Department of Infectious Diseases and Immunology, Shanghai Public Health Clinical Center, Fudan University, Shanghai, China.
Department of Infectious Diseases and Immunology, Shanghai Public Health Clinical Center, Fudan University, Shanghai, China; Department of Internal Medicine, Shanghai Medical College, Fudan University, Shanghai, China; Department of Infectious Diseases, Huashan Hospital Affiliated to Fudan University, Shanghai, China.
Int J Infect Dis. 2021 Jun;107:139-144. doi: 10.1016/j.ijid.2021.04.057. Epub 2021 Apr 20.
To evaluate the clinical utility of metagenomic next-generation sequencing (mNGS) for the diagnosis of central nervous system (CNS) infection in people living with human immunodeficiency virus (PLWH) in a real-world situation.
Cerebrospinal fluid (CSF) was sent for mNGS for PLWH who tested negative on all conventional tests but were still suspected to have CNS infection.
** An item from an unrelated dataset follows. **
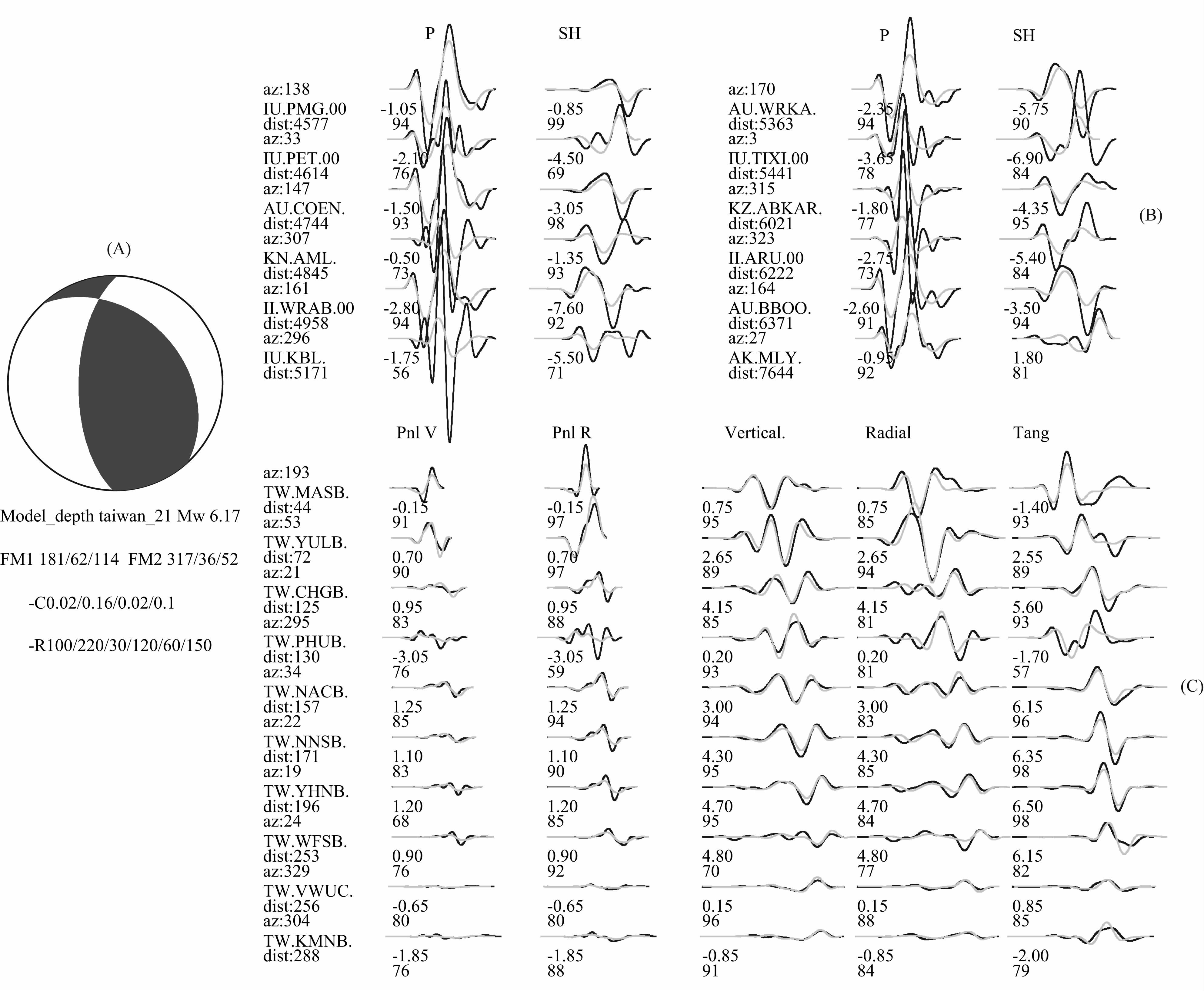 图 2 高雄地震CAP联合反演结果(A)以及实际波形(B)与合成波形之对比(C) 近台Pnl波与远台P波采用0.02 Hz至0.16 Hz带通滤波,而近台面波与远台SH波滤波范围则为0.02至0.1Hz.粗灰线代表合成地震图,细黑波形代表观测波形.波形下的两列数字分别代表获得理论和观测波形间最大相关系数所需要的时移(上)以及最大相关系数百分比(下),平移时间为正代表合成图的到时早于实际数据,台站名下方数字分别表示震中距和方位角. Fig. 2 CAPjoint modeling for Kaohsiung Earthquake Local Pnl and teleseismic P waveforms are filtered between 0.02〜0.16 Hz,while local surface waves and teleseismic SH waveforms are filtered between 0.02 to 0.1 Hz,with black thin lines as data and gray thick lines as synthetic.Numbers under the seismograms are time shifts (upper) and cross-correlation coefficient in percent (lower).Positive time shifts indicate that synthetic waveforms have been delayed. |

A retrospective analysis was undertaken of the results and the clinical effect of mNGS on this cohort. The final diagnosis was adjudicated by a panel discussion following hospital discharge when the results of all tests and patients' responses to the empiric therapy were available.
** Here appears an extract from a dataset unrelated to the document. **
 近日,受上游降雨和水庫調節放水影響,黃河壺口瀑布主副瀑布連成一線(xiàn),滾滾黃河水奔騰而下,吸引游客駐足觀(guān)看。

Eighty-eight eligible PLWH, including 51 (58%) patients suspected of encephalitis and 34 (46.7%) patients suspected of meningitis, were included in the analysis. Sixty-eight (77.3%) patients were diagnosed with CNS infection, of which 50 were based on the pathogens identified by mNGS. The most common disease missed by mNGS was clinically suspected tuberculous meningitis, followed by clinically suspected non-tuberculous mycobacterial meningitis. The results from mNGS led to modification of treatment in 21 (23.9%) patients, and increased confidence in continuation of original therapy in 30 (34.1%) patients. During hospitalization, two (2.3%) patients died and 66 (75%) patients improved.
mNGS of CSF is a useful tool for the diagnosis of CNS infection among PLWH. Further investigations are warranted to improve its sensitivity.
评估宏基因组下一代测序(mNGS)在实际情况下对人类免疫缺陷病毒(PLWH)患者中枢神经系统(CNS)感染的临床应用价值。
对所有常规检测均为阴性但仍疑似 CNS 感染的 PLWH 进行脑脊液 mNGS 检测。对该队列的检测结果和 mNGS 的临床效果进行回顾性分析。当所有检测结果和患者对经验性治疗的反应可用时,通过出院后专家组讨论来确定最终诊断。
共纳入 88 名符合条件的 PLWH,包括 51 名(58%)疑似脑炎患者和 34 名(46.7%)疑似脑膜炎患者。68 名(77.3%)患者被诊断为 CNS 感染,其中 50 名基于 mNGS 鉴定的病原体。mNGS 最容易漏诊的疾病是临床疑似结核性脑膜炎,其次是临床疑似非结核分枝杆菌性脑膜炎。mNGS 的结果导致 21 名(23.9%)患者的治疗方案发生改变,30 名(34.1%)患者对原治疗方案的信心增强。住院期间,有 2 名(2.3%)患者死亡,66 名(75%)患者病情改善。
CSF 的 mNGS 是诊断 PLWH 中枢神经系统感染的有用工具。需要进一步研究以提高其灵敏度。